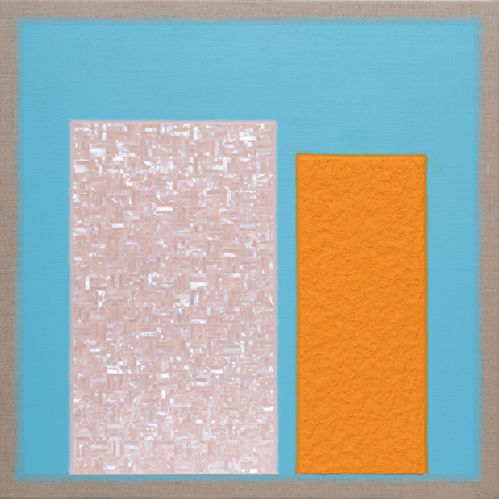 Mother-of-Pearl, Sand, and Acrylic Paint on Linen
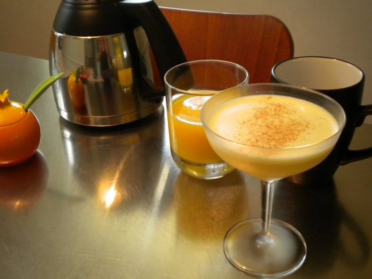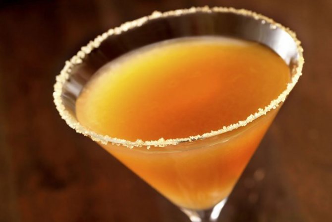 Состав: 20 мл коньяка, 25 мл классического мартини, 20 мл сока манго, грейпфрута или персика.
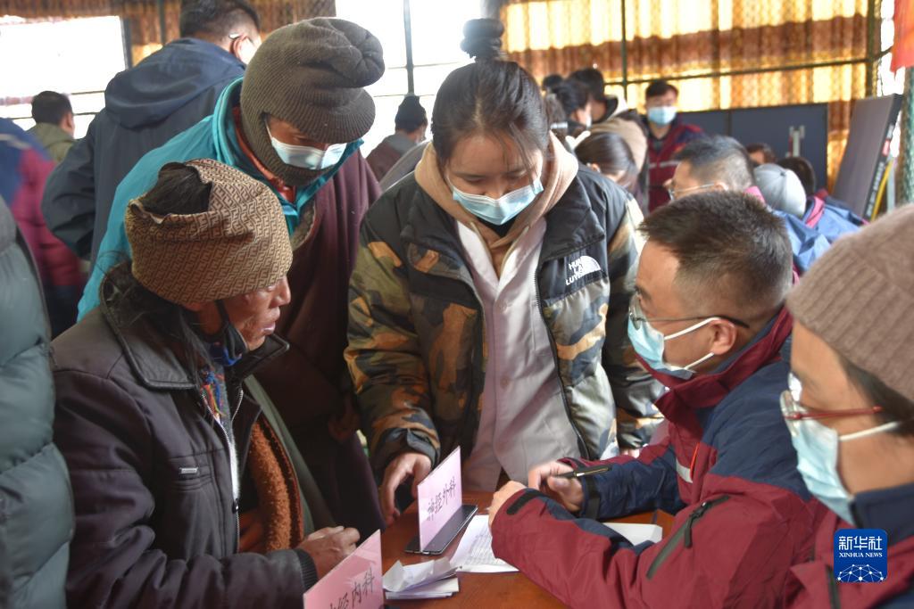 午后時(shí)分,天空仍然飄著小雪,來自北京援藏醫(yī)療隊(duì)的15名醫(yī)生剛下車,便馬不停蹄地開始工作。據(jù)援藏醫(yī)療隊(duì)醫(yī)務(wù)處處長(zhǎng)趙萬全介紹,本次義診前,醫(yī)療隊(duì)已提前了解當(dāng)?shù)厝罕姷亩喟l(fā)病類型,攜帶了充足的降血壓、常用抗生素等藥品。與此同時(shí),他們還為納木湖鄉(xiāng)群眾開展“分級(jí)診療”,“把脈”群眾的健康狀況,對(duì)群眾所患病癥的進(jìn)一步醫(yī)治給出相應(yīng)建議。

> [Exercise goal]:
Quote the material exactly. Pictures stay out.

> [Output below]:
 Mother-of-Pearl, Sand, and Acrylic Paint on Linen
 Состав: 20 мл коньяка, 25 мл классического мартини, 20 мл сока манго, грейпфрута или персика.
 午后時(shí)分,天空仍然飄著小雪,來自北京援藏醫(yī)療隊(duì)的15名醫(yī)生剛下車,便馬不停蹄地開始工作。據(jù)援藏醫(yī)療隊(duì)醫(yī)務(wù)處處長(zhǎng)趙萬全介紹,本次義診前,醫(yī)療隊(duì)已提前了解當(dāng)?shù)厝罕姷亩喟l(fā)病類型,攜帶了充足的降血壓、常用抗生素等藥品。與此同時(shí),他們還為納木湖鄉(xiāng)群眾開展“分級(jí)診療”,“把脈”群眾的健康狀況,對(duì)群眾所患病癥的進(jìn)一步醫(yī)治給出相應(yīng)建議。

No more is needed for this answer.